I am glad to see that you have posted in "seeking a doctor" and you have had a reply.
Tests are not the only thing to go by. This is a clinical diagnosis - meaning by symptom, history, etc. and with tests to help.
Most lyme tests are not done correctly. They usually do the wrong test (ELISA is worthless) and they don't test all the "bands" of a Western Blot. They don't know how to interpret the IgG & the IgM - each should be done with Western Blot for lyme AND for other tick-borne disease (TBD).
Your situation echoes that of many here. And, yes, your symptoms do sound like they may be lyme-related.
It is excellent that your doctor is willing to work with you. However, if this becomes too complex, he may well change his mind.
He may also get pressure from the medical community, so just be aware of that. If neither of you two are very vocal, this may be able to fly "under the radar" to the benefit of both of you.
If your doctor is willing to read some articles - and even inquire about ILADS training - that would be great.
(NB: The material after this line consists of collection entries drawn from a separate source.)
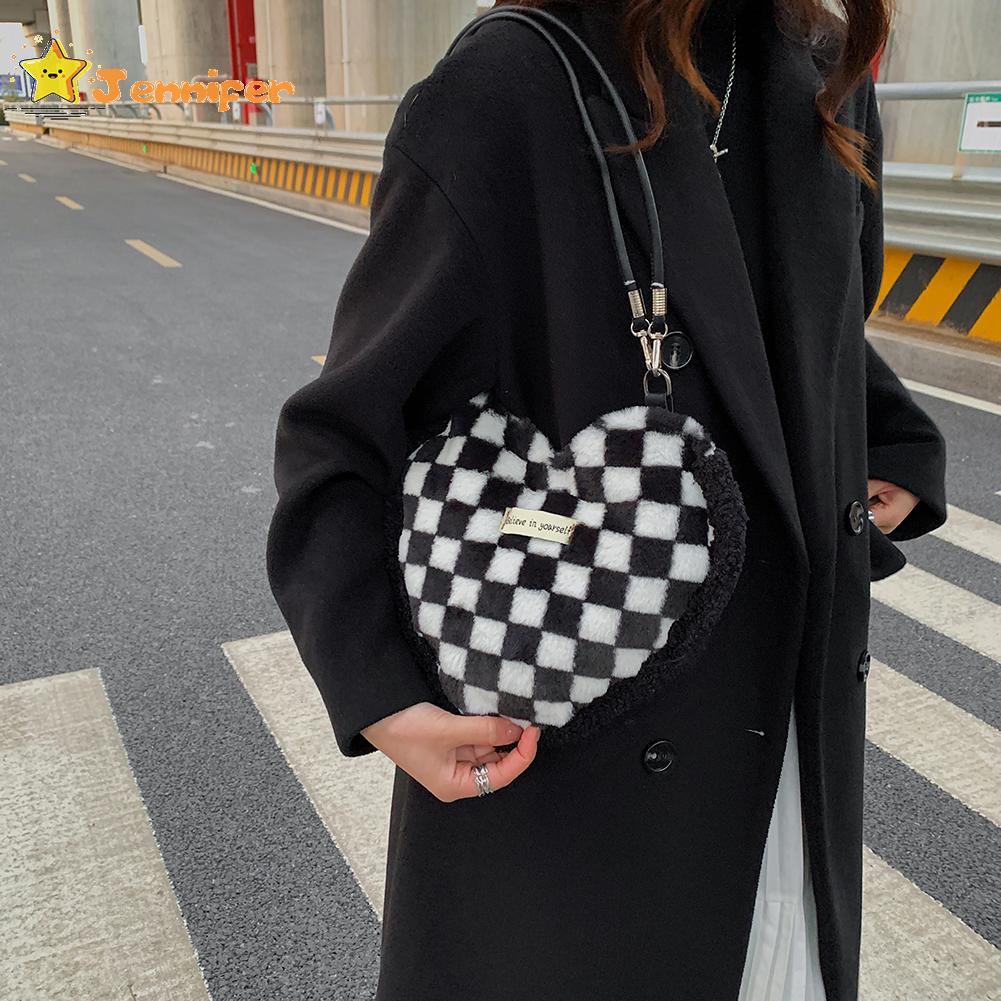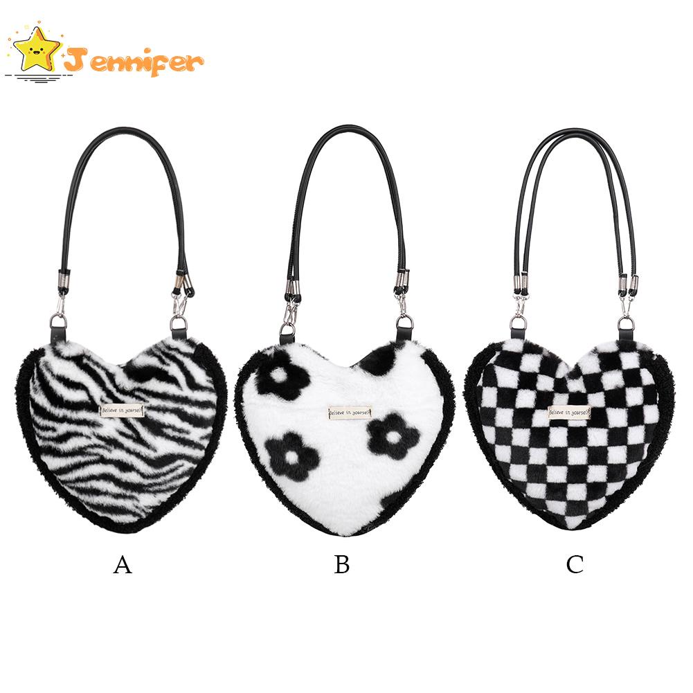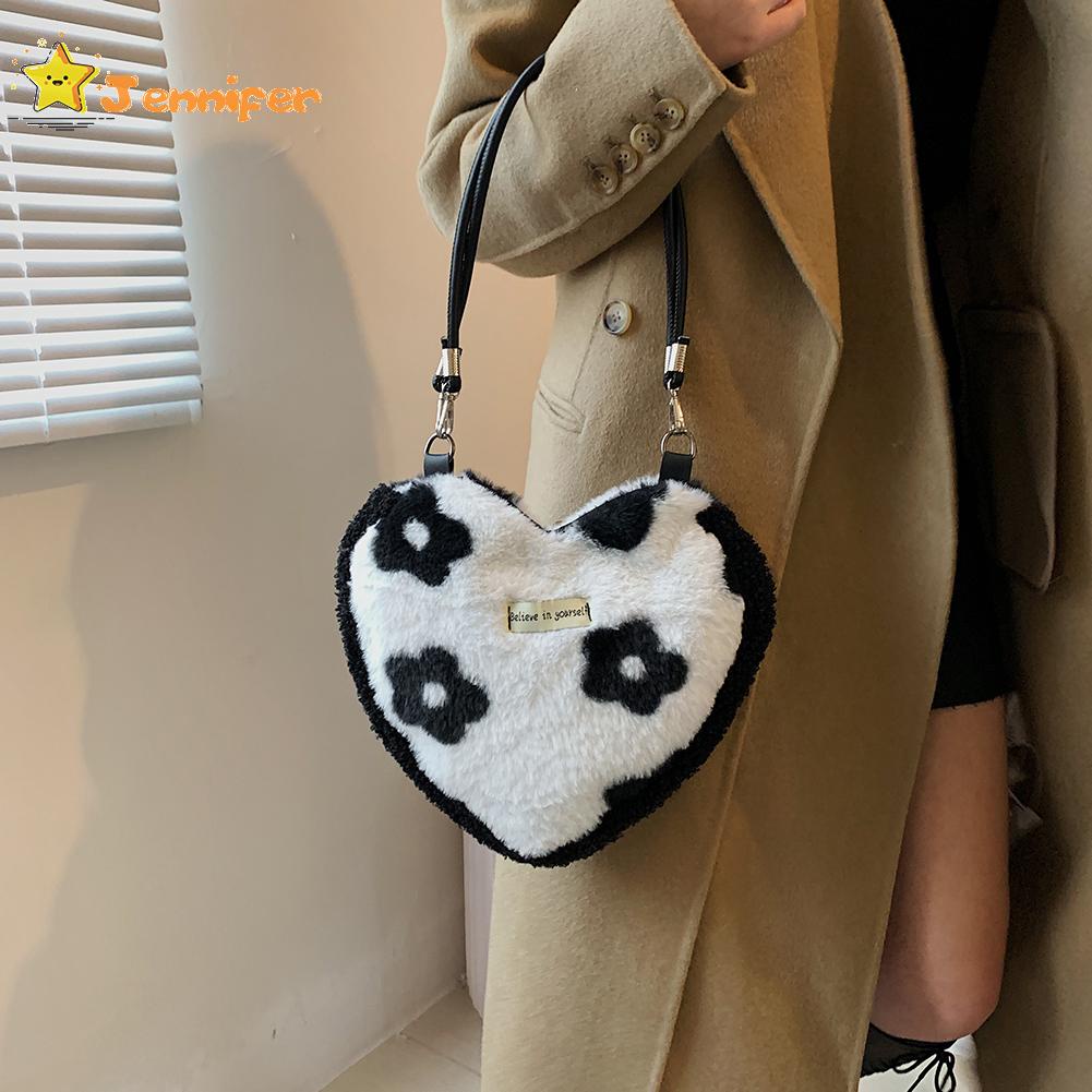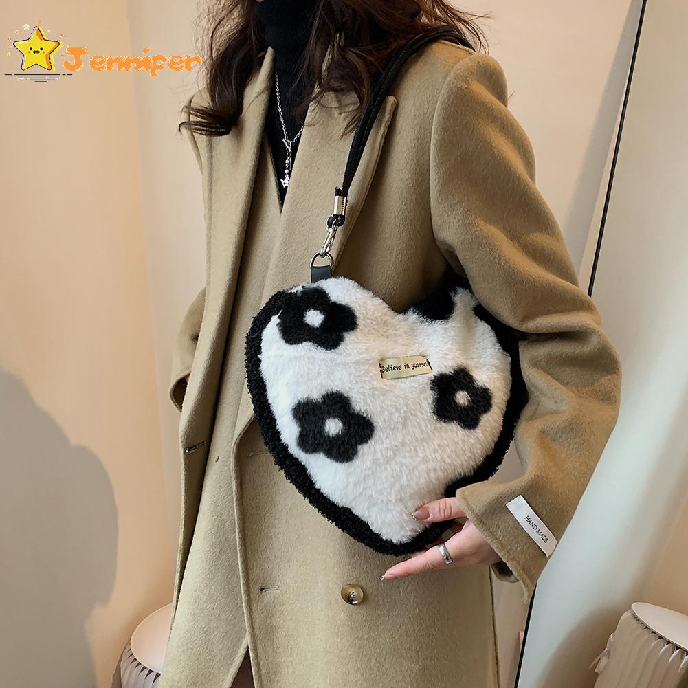 Jennifer ❥ กระเป๋าถือ ประดับขนนุ่ม รูปหัวใจ ขนาดเล็ก ให้ความอบอุ่น แฟชั่นฤดูหนาว สําหรับผู้หญิง ✿
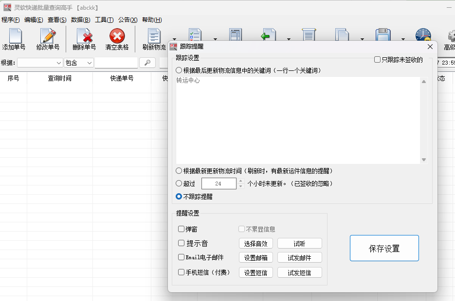 异常件处置的关键在于“及时”,灵软的跟踪提醒功能,可实现异常件实时预警,确保物流从业者第一时间发现异常、快速处置。软件支持开启跟踪提醒,一旦出现异常件,会实时弹出提醒窗口,同时可设置声音提醒,即便工作人员专注于其他工作,也能及时察觉异常。
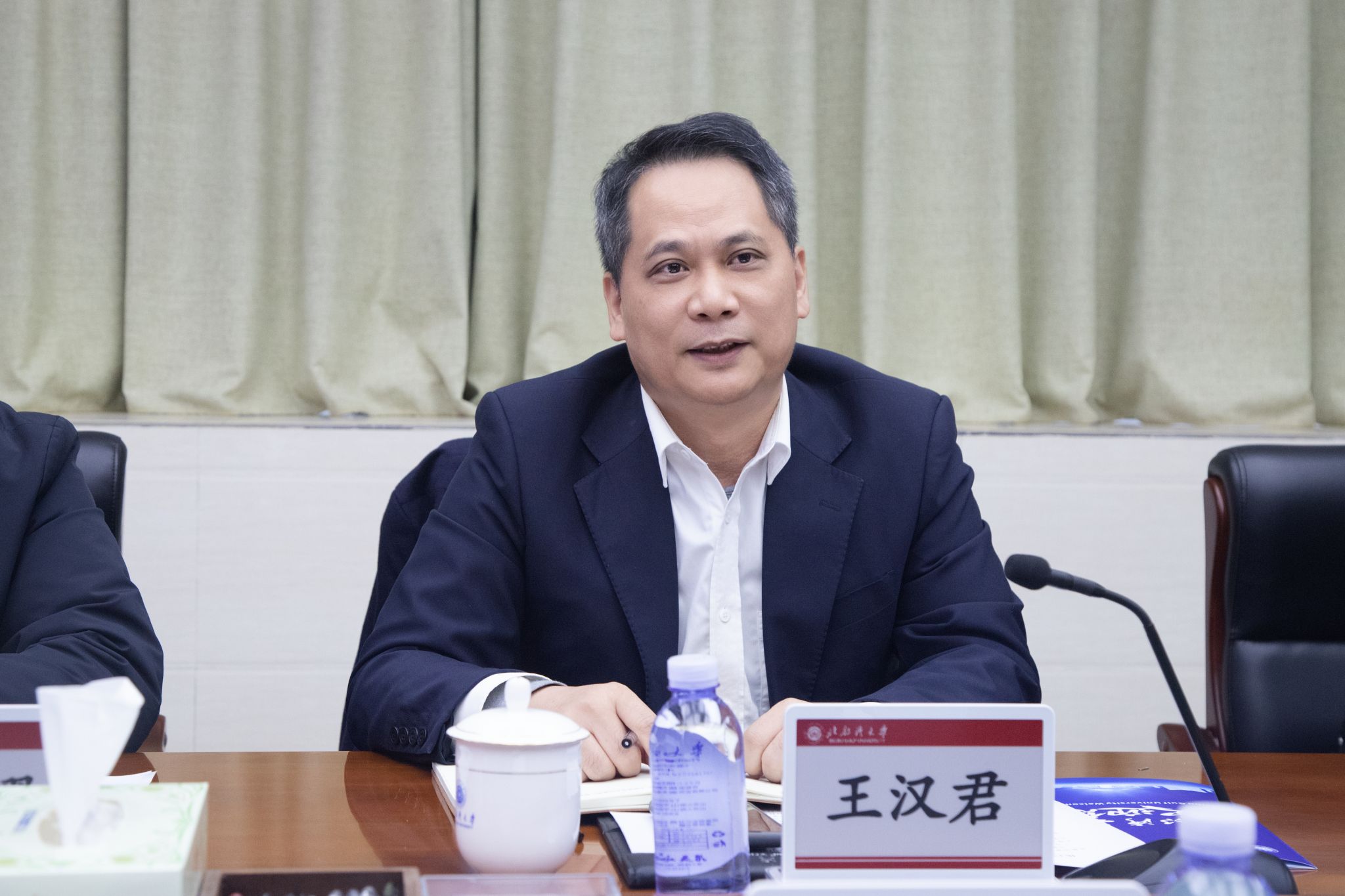 苗剑热烈欢迎王汉君一行的来访。他表示,学校在石油化工、新能源材料等领域积累了丰富的研究成果。此次合作是学校深化产教融合、服务地方经济社会发展的重要举措,希望双方以平台为依托,充分发挥各自优势,精准破解产业技术瓶颈,携手打造北部湾地区化工新材料产业服务新高地。
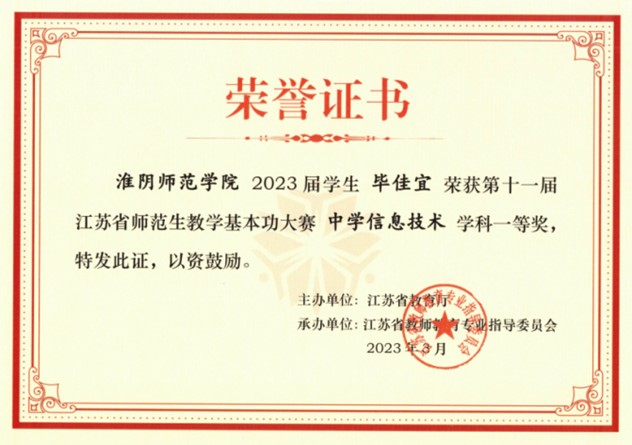 人才培养的特色定位使师范生具备扎实的专业素养与多元化能力。专业员工积极参与信息技术相关的竞赛,近四年,近百人次在领航杯、计算机设计大赛等省级以上学科竞赛中奖项,尤其在中国老员工计算机设计竞赛中表现突出,近五年获得一等奖一次,二等奖六次,三等奖六次的好成绩。在近三年的省师范生教学基本功大赛(信息技术学科)中获得一等奖2项,二、三等奖4项,获奖率及一等奖人数始终位居全省同类高校前列。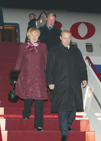 中國外交部副部長劉古昌、中國駐俄羅斯大使張德廣和夫人鄭淑蘭、俄羅斯駐華大使羅高壽等在專機舷梯旁迎候普京一行。普京總統(tǒng)夫人普京娜等陪同人員同機抵達。兩名中國女青年在機場向普京總統(tǒng)夫婦獻花。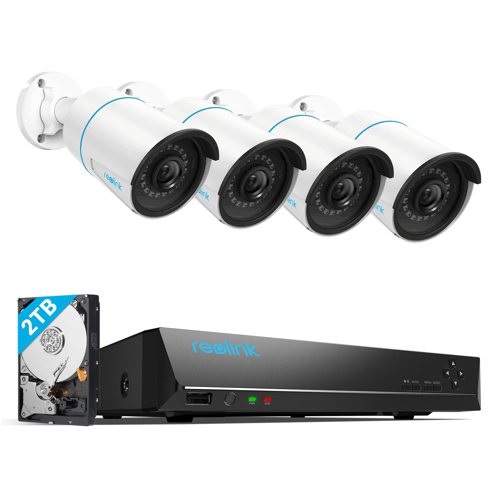 Reolink Kit Cámaras de Seguridad 8CH 5MP H.265, 4 PoE IP Cámaras Exterior Impermeables IP67, Detección de Personas/vehículos, 30M Visión Nocturna, 2TB HDD NVR para Grabación Continua, RLK8-410B4-5MP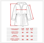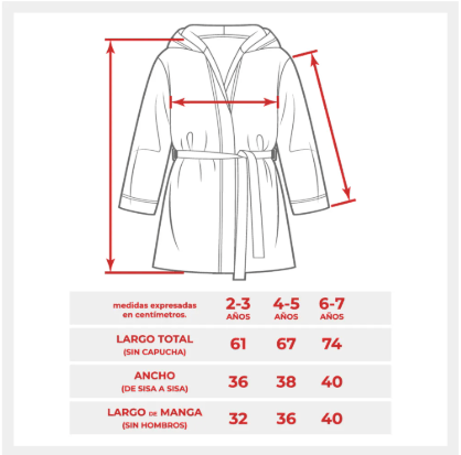 2-3 años: 61 cm largo total; 36 cm ancho; 32 cm largo de mangas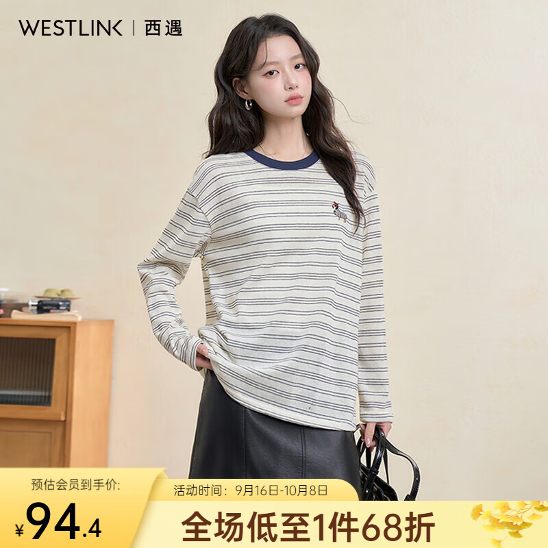 西遇(Westlink)西遇撞色条纹长袖T恤女秋季新款慵懒松弛圆领宽松内搭上衣 杏+蓝色 (预售15天) M (160)

However, I hope you can be assessed by an LLMD (that term will be clarified in my next post) as you need someone who is already experienced.
Still, we all do the best we can with what we have. I so hope your GP sticks with you. I hope we can make it easy for him to do that.
The articles I'll post are not to scare you - always read with the idea that there is a solution. But you have to know the nature of the infections and really understand how they work to move ahead.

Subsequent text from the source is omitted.